In the Senate, Sasse often warned that American politics had become too loud, too tribal, too addicted to outrage. Too much politics; not enough civics. He argued that the deeper crisis was not merely political but spiritual. Sadly, he suggests people are looking for political answers to spiritual problems. A role he says politics is fundamentally incapable of fulfilling. 

He laments years striving to be and do more. Clarifying how we spend years chasing significance and then discover too late that the important things were embarrassingly close at hand all along: our family, our friends, a Sunday afternoon, a neighbor, a meal, a prayer, a quiet hour not surrendered to a glowing rectangle.

“I don’t know that I have a lot of wisdom, but I do have a lot of things that I think we should be reflecting on together.”

Ben Sasse

Sasse hasn’t become weepy or sentimental. He’s not seeking sympathy. That is part of what makes his witness striking. He is still funny, still argumentative, still interested in politics, higher education, artificial intelligence, liberal arts, and the future of the country. Like a man who has all the time in the world. But the hierarchy has changed. The permanent things have moved to the front.

“My cancer diagnosis is a touch of grace, because it forces me to tell the truth.”

Ben Sasse

In the New York Times interview, Sasse is a picture of grace and humility, dressed in a Nebraska cornhuskers ball cap and a run-of-the-mill flannel shirt.
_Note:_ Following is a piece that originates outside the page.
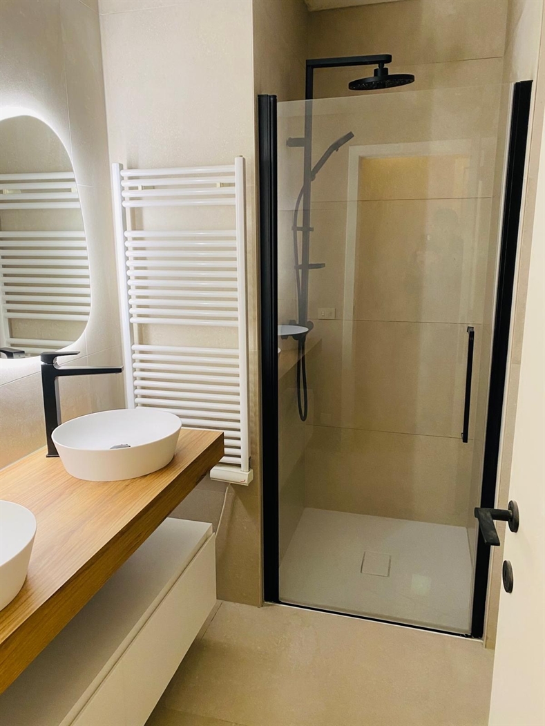 Neues Appartement auf 50M vom Seedeich - 4° Stock mit seitliches Meerblick - bestehend aus; geräumiges Wohnzimmer mit kleine Terrasse vorne - offene, eingerichtete Küche mit Spühlmaschine - Badezimmer mit Badewanne und Dusche - separate Toilette - Schlafzimmer mit Doppelbett + fernseher - Schlafzimmer mit Etagenbetten - Balkon hinten. (No smoking - Keine Tiere).

He sports a broad smile, even as he bleeds from nearly every pore on his face.

He admits that, despite his deep and unwavering faith, he is at peace but not ready to die. He would rather live. He would rather walk his daughters down the aisle. He would rather raise his son to be a man. He would rather have more years with Melissa.

And yet he is not raging at God. His faith has given him a vocabulary for suffering. Words like repentance, finitude, resurrection, hope. He believes death is the final enemy on earth, but not the final chapter. When asked if he will miss his wife, he answers with the wisdom of a man sure of where he is going: “we are going to be apart for a time.”

“We've stopped making babies. We've decided that being distracted by a dopamine hit around Candy Crush might be a good way to spend your time. Not if you're a full human."

Ben Sasse

So Ben Sasse is dying in public, though he didn’t plan it that way. He is using the time left to speak about the things that matter. Honor the Sabbath. Eat dinner together. Take fewer business trips. Build stronger families. Tell the truth. Love what is near.

I don’t know anything about Ben Sasse politically and, more importantly, I don’t care. What I see in him is exactly what we are missing today. A man full of wisdom, a man who isn’t playing games. A man who has nothing to lose as his life has already been taken from him.

“My diagnosis is a “touch of grace” that forces me to confront my own finitude, rather than believing I am the center of everything.”

Ben Sasse

A lot of people are asking why more politicians are not like Ben Sasse. Because voters will not elect them, that’s why. People say they care about character, but most don’t vote that way. Instead, we vote party line, ideology, self-interest, or against a perceived enemy. How can we expect our leaders to embody higher levels of virtue if a we don’t make personal character a red line? It seems that we get the leaders we deserve.

The death sentence has not made him smaller. It has made him bolder, sharper. A farm kid from Nebraska. A scholar, a senator, a college president, and finally a dying man seeking to teach us about living. And we are all better for it.

Imagine if each of us were given a few weeks to experience the wisdom of the dying. A few weeks to focus only on what really matters when time runs short.

The final chapter is not the end of the Ben Sasse story, but the beginning of the next book. A book focused on the legacy he leaves behind—in the people he has reached and in the things in life that really matter when time runs short.